Relative Pharmacological Properties
Bleeding risk. Bleeding risk has been the main problem in the
application of anticoagulants. Herein, the effect of dHG-5 on bleeding
was assessed by the mice tail bleeding model. At 10 times
anti-thrombosis ED50 doses, dHG-5 did not significantly
increase the blood loss compared with control group (Figure 6C).
f.XII and platelets activation. Native FG had the undesired
activation on f.XII and platelets (J. Z. Li, Bao et al. , 1985),
which may result in proinflammation or thrombocytopenia, respectively.

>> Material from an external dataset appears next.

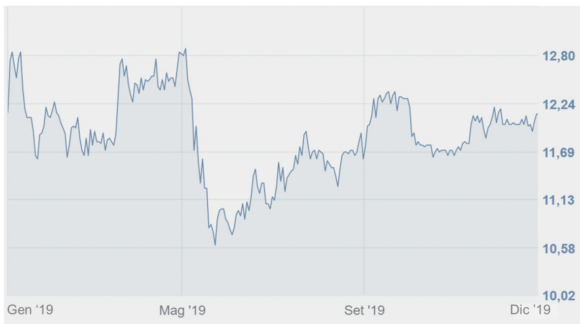
Andamento titolo AdB (01/01/2019-31/12/2019)

Alla data del 30 dicembre scorso, ultimo giorno di contrattazioni per Borsa Italiana nel 2019, si riscontra una quotazione ufficiale pari ad Euro 12,12 per azione, che porta a tale data la capitalizzazione di Borsa del Gruppo AdB a circa Euro 438 milioni.

Therefore, the activation of dHG-5 and its containing oligosaccharides
(oHG-8, oHG-14 and oHG-29) on f.XII and platelets were analyzed.

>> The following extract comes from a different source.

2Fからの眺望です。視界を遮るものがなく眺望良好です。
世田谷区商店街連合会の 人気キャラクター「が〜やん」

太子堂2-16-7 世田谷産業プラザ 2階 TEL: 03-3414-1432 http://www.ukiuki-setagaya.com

The results showed that dHG-5 and its containing oligosaccharides had no
obvious activation on f.XII at the concentrations up to 10 µM (Figure
7A). At the peak concentrations of the bleeding tolerance doses (Figure
S28) dHG-5, oHG-8, oHG-14 and oHG-29 showed no obvious activation on
platelets, either in human PRP or rat WP, whereas FG could induce
platelet aggregation (Figure 7B-C).
Preliminary pharmacodynamics. After administrating
subcutaneously to mice, the effect of dHG-5 on plasma APTT was
determined (Figure 8). And the pharmacodynamic parameters were
calculated according to noncompartmental procedure model (Table S3). The
the maximum APTT-prolonging effect (Emax) and
AUC0-8h (the area under the time-effect curve within 8
h) increased in a dose-proportional manner, while the half-life
(T1/2) did not obviously change (Figure 8 and Table S3).